[Opening GIVEN DATA section]
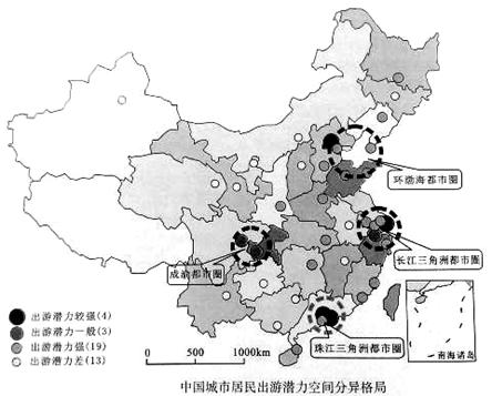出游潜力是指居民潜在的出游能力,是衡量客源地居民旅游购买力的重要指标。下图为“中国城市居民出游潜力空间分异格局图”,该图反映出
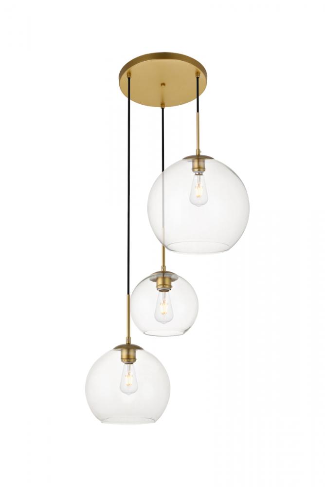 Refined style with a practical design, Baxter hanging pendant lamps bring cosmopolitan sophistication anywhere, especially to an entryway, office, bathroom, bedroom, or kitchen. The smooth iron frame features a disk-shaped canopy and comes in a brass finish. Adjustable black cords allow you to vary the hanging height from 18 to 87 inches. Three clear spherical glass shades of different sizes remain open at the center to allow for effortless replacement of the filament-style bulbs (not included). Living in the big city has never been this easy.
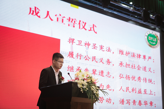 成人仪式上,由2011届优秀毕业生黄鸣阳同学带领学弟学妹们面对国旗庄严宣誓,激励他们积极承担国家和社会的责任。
[Closing GIVEN DATA section]
[Opening GIVEN DATA section]
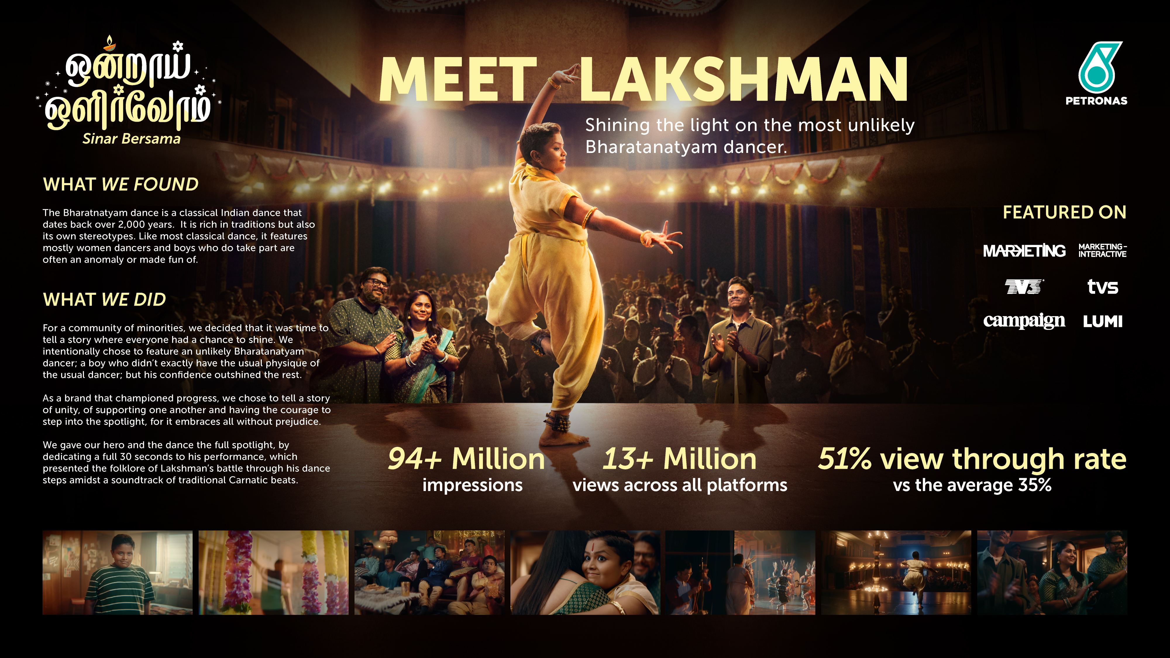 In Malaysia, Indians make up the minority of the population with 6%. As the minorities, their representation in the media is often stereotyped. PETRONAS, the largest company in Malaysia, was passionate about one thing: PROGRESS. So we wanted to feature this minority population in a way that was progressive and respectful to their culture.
[Closing GIVEN DATA section]
> [DIRECTIONS FOR THIS TASK]: Among the entries above, find the line with "出游潜力是指居民潜在的出游能" and repeat exactly from there through the line with "成人仪式上,由2011届优秀", leaving out the pictures.

> [RESPONSE FOR THIS EXERCISE]:
出游潜力是指居民潜在的出游能力,是衡量客源地居民旅游购买力的重要指标。下图为“中国城市居民出游潜力空间分异格局图”,该图反映出
 Refined style with a practical design, Baxter hanging pendant lamps bring cosmopolitan sophistication anywhere, especially to an entryway, office, bathroom, bedroom, or kitchen. The smooth iron frame features a disk-shaped canopy and comes in a brass finish. Adjustable black cords allow you to vary the hanging height from 18 to 87 inches. Three clear spherical glass shades of different sizes remain open at the center to allow for effortless replacement of the filament-style bulbs (not included). Living in the big city has never been this easy.
 成人仪式上,由2011届优秀毕业生黄鸣阳同学带领学弟学妹们面对国旗庄严宣誓,激励他们积极承担国家和社会的责任。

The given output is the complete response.